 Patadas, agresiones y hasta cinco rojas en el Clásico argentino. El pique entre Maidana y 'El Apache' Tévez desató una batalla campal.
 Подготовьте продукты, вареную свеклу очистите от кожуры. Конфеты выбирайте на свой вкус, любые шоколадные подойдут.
---
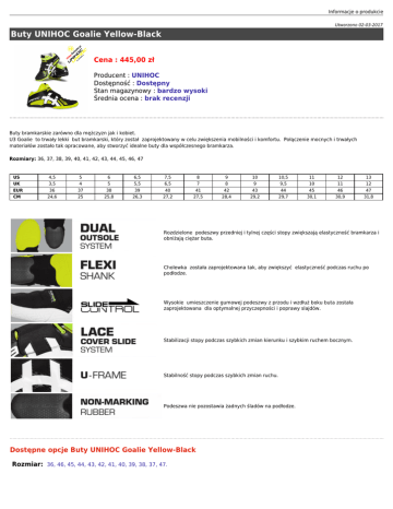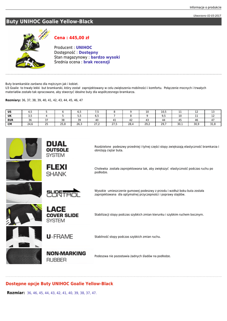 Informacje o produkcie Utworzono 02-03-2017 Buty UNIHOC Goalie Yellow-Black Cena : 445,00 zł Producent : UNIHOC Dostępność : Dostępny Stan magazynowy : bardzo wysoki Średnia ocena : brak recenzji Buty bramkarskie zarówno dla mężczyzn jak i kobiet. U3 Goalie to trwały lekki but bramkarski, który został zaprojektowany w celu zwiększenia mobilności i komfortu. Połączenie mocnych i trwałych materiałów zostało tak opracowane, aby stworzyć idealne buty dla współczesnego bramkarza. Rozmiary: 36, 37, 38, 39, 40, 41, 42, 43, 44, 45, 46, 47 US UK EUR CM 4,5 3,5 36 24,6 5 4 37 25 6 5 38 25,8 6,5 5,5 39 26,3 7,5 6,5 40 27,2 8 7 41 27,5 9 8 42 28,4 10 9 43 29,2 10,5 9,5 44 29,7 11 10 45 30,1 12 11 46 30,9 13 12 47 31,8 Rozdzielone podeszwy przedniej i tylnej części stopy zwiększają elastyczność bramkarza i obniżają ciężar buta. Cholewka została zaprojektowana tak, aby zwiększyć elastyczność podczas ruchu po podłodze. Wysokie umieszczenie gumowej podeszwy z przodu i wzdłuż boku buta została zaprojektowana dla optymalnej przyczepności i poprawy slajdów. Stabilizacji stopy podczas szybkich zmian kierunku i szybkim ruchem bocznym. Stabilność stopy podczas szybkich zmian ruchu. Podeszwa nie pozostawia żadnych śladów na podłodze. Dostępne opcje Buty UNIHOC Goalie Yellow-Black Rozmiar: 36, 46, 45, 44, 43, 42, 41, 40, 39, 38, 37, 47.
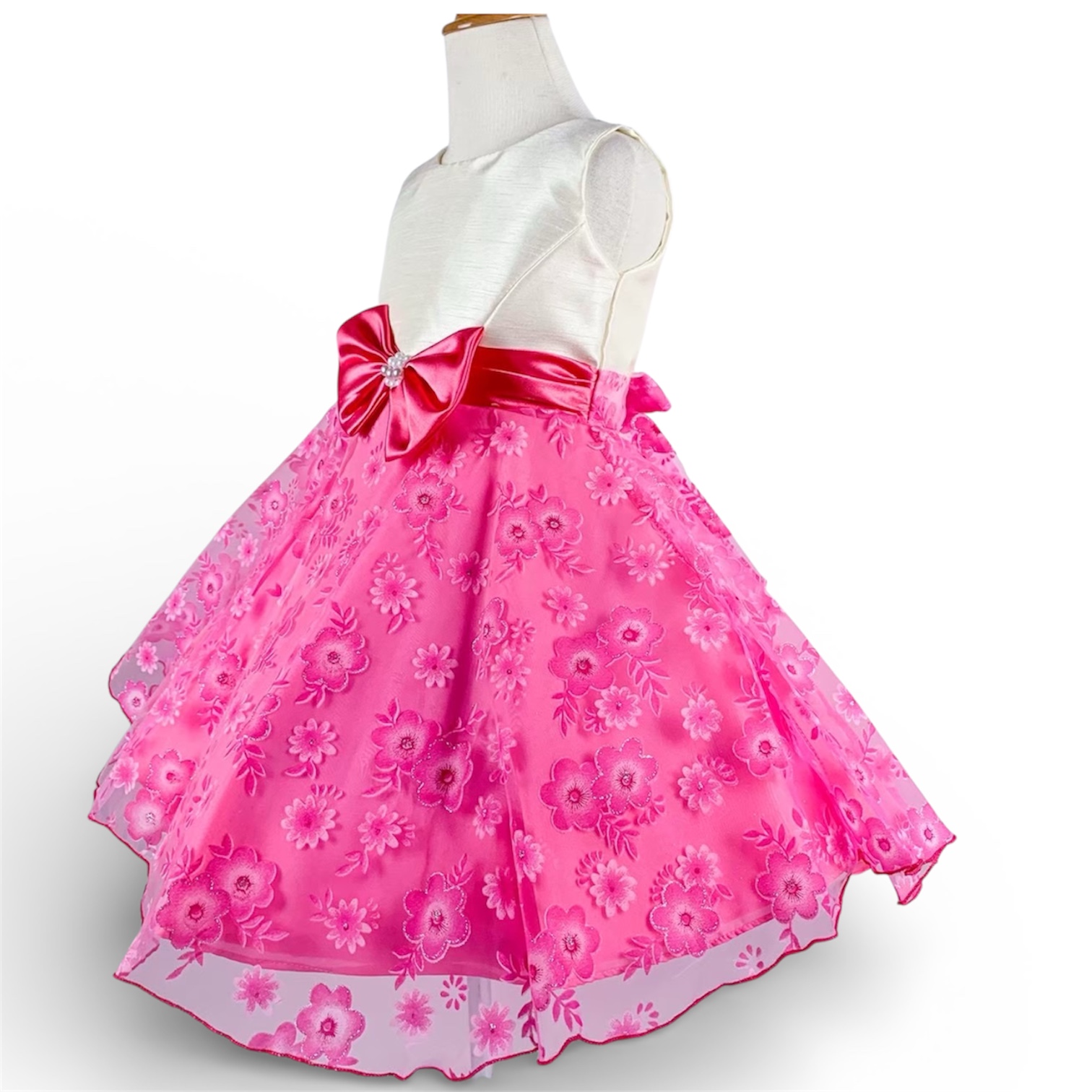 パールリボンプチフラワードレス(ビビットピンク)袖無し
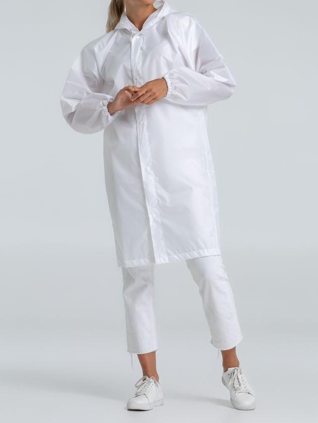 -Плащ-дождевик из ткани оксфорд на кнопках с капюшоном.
* * *
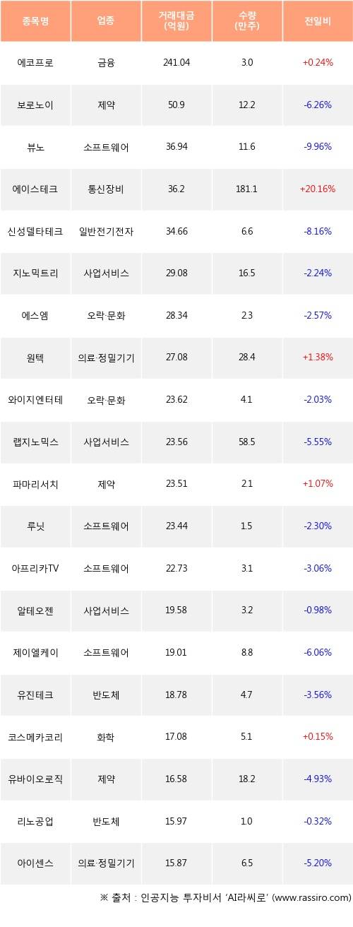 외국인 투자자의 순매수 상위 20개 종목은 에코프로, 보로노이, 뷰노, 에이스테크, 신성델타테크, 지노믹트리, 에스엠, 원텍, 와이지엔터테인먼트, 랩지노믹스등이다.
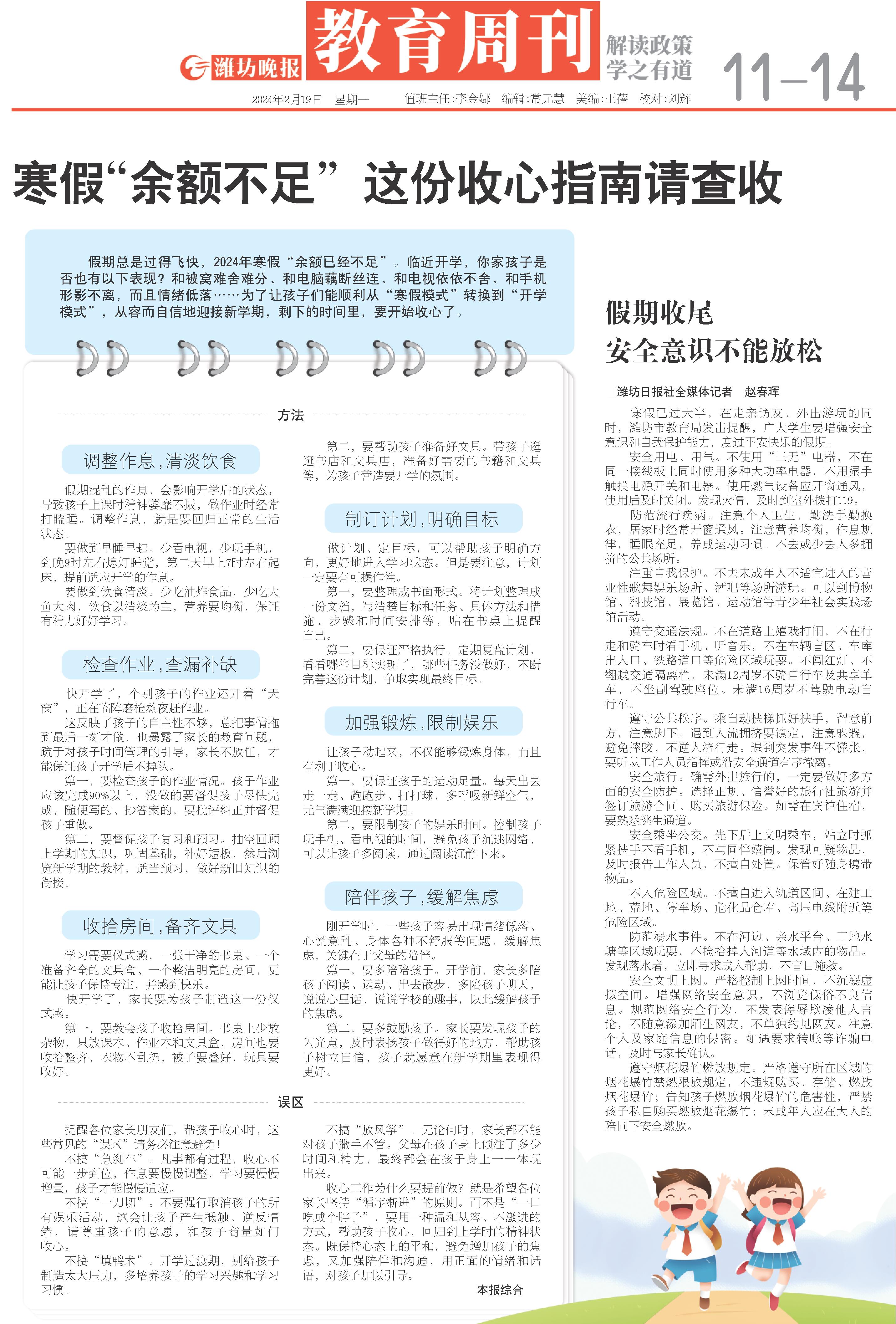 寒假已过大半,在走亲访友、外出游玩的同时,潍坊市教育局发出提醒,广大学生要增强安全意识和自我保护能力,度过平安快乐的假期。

**WHAT THE EXERCISE ASKS:** Give the lines above again exactly, from the one containing "パールリボンプチフラワードレス(ビビットピンク)袖無し" to the one containing "-Плащ-дождевик из ткани", both included, but leave out the pictures.

**EXERCISE RESPONSE:**
 パールリボンプチフラワードレス(ビビットピンク)袖無し
 -Плащ-дождевик из ткани оксфорд на кнопках с капюшоном.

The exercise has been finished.